No. 12610 | Tex. Crim. App. | Jun 5, 1929

Lead Opinion

CHRISTIAN, J.

The offense is cattle theft; the punishment, confinement in the penitentiary for two years.

The ■ issue of guilt was closely contested. The state relied largely upon the testimony of an accomplice. It was appellant's theory, supported by his testimony and that of other witnesses, that the accomplice had stolen a cow belonging to Edward McGriff and that thereafter he had sold the animal to appellant.

*1066 Over proper objection the district attorney was permitted to elicit from appellant the fact that he had paid a fine of $50 in the federal court for possessing a pint of whis-ky. Appellant’s counsel immediately moved the court to instruct the jury not to consider the answer of the witness. Later during the trial the motion was repeated. The court overruled both motions. After the testimony had been concluded, the court instructed the jury that they would not consider the evidence in question for any purpose. At the time appellant paid his fine in the federal court, the offense of possessing intoxicating liquor was not a felony. Moreover, it was not a misdemeanor involving moral turpitude. Carter v. State, 100 Tex. Cr. R. 95, 271 S. W. 629. Hence such evidence was not admissible to impeach appellant. Branch’s Annotated Penal Code, § 169. The question is: Did the court’s action in withdrawing the testimony from the jury cure the error? It is the rule that if the illegal testimony admitted over the objection of the accused was of a material character and was calculated to influence or affect the jury adversely to the accused, its withdrawal will not cure the error in admitting it. Branch’s Annotated Penal Code, § 383. Admitting proof of other offenses committed by the accused is not cured by withdrawing the illegal testimony. Branch’s Annotated Penal Code, supra. As stated before, the issue of guilt was closely contested. The illegal testimony was of a material character, and in our opinion was calculated to influence the jury to return a verdict against appellant. Hence the error is reversible.

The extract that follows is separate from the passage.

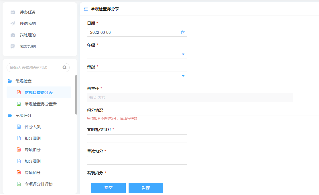 过去学校对于仪容仪表、卫生情况、做操情况的记录常用纸质方式记录,不利于信息的整理与回顾。使用电子表单录入更方便的同时,也可以根据日期、班级等参数进行筛选查看。
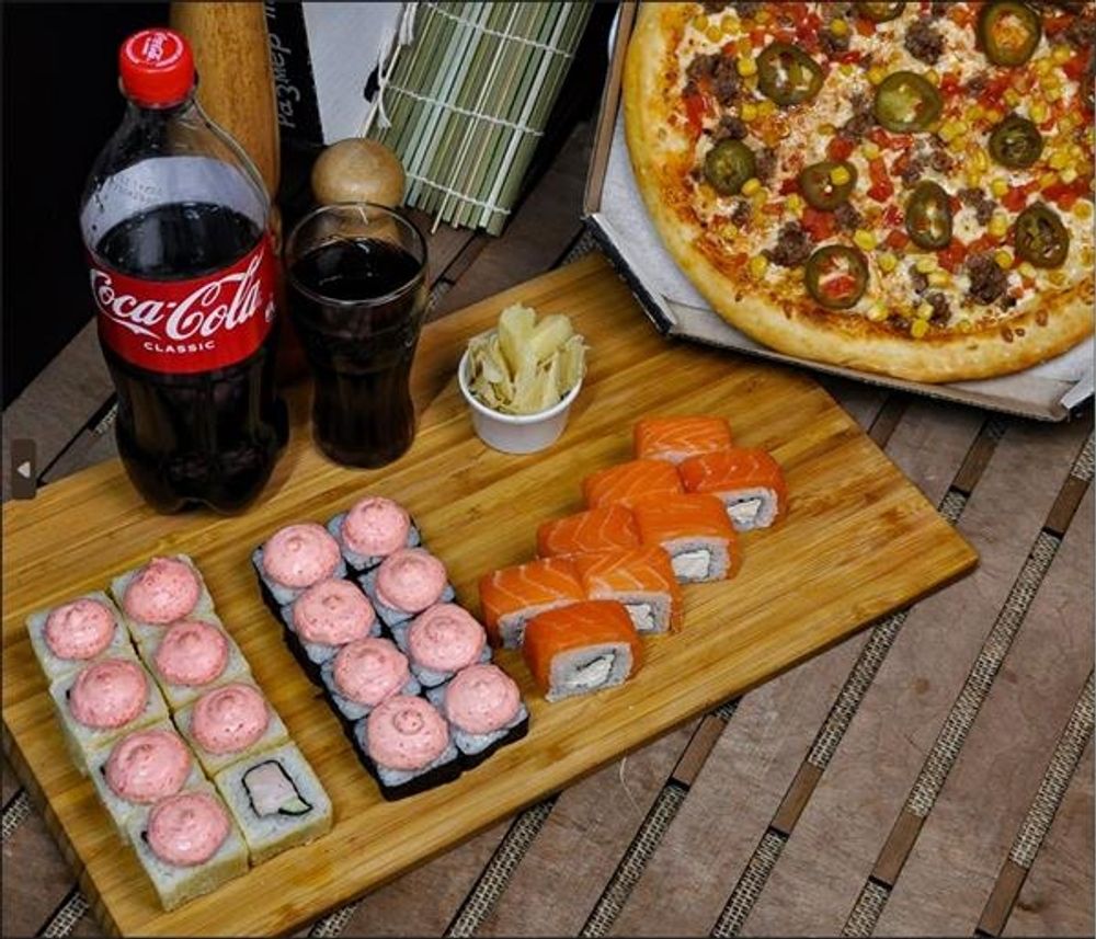 Ролл Фила + ролл кано + брат кано ролл + пицца 30см на выбор из акционных + напиток в подарок

For the error discussed, the judgment is reversed and the cause remanded.

PER CURIAM. The foregoing opinion of the Commission of Appeals has been examined by the judges of the Court of Criminal Appeals and approved by the court.






Rehearing

On Motion for Rehearing.

LATTIMORE, J.

Through some confusion in the terms of bill of exceptions No. 2, we were misled into believing that same showed an exception taken to the admission of testimony to the effect that appellant had been convicted in the federal court and given a fine of $50 for possessing intoxicating liquor, which would be but a misdemeanor not involving moral turpitude, and would therefore be inadmissible for the purpose of affecting the reputation of the accused as a witness. Said bill of exceptions in fact shows that same was taken to the fact that the court did not immediately grant a motion made by the attorney for appellant to strike said testimony from the record. The bill shows that the court did keep the matter under advisement for a time, but that at the conclusion of the testimony some few hours after the motion to exclude was made, thq court did then instruct the jury not to consider said testimony. We are not inclined to believe that the action of the court in this regard was erroneous, at least to such an extent as to call for a reversal.

However, upon further inspection of this record we are of opinion that a judgment of reversal should have been ordered. The testimony relied upon by the state appears in such unsatisfactory condition as that we are unwilling to let the judgment of conviction stand upon same in its present condition. There is testimony in the record suggesting the fact that appellant had been unlawfully tampering with other people’s cattle, and this suggestion may have contributed strongly to the conclusion of guilt reached by the jury.

The alleged stolen animal was unquestionably butchered and its meat and hide sold by the appellant. He was assisted in the butchering by one Lummie Booth, who went with him to the place where the meat and hide were sold to Mr. Rogers. Booth was a witness for the state and admitted on cross-examination that at said time and place appellant paid him $12 which he received from Mr. Rogers. Appellant introduced a witness who testified that he was present at the time of the sale and heard Johnson tell Rogers that he wanted $12 at the time with which to pay Lummie Booth for his cow, and that when Johnson gave Booth the $12 he told him it was in part payment for his cow. Another witness testified that Lummie Booth told him that he had informed Johnson that the cow belonged to him and his father. It further appears that'Lummie Booth told another witness who saw him after the trial that Johnson thought he was killing and selling a cow that belonged to Booth and his father. It also appears that Booth made an affidavit to this effect, although later he gave to the state a contradictory affidavit. Appellant took the stand and testified that he bought the alleged stolen cow from Booth upon Booth’s statement that it belonged to him and his father. It seems the cow was driven for a couple of miles in the daytime, and passed houses of a number of neighbors of its alleged owner before it was butchered. We are in such doubt as to the guilt of appellant under these facts as to be unwilling to let the judgment stand. The state may be able to strengthen its case upon another trial.

The state’s motion for rehearing will be overruled.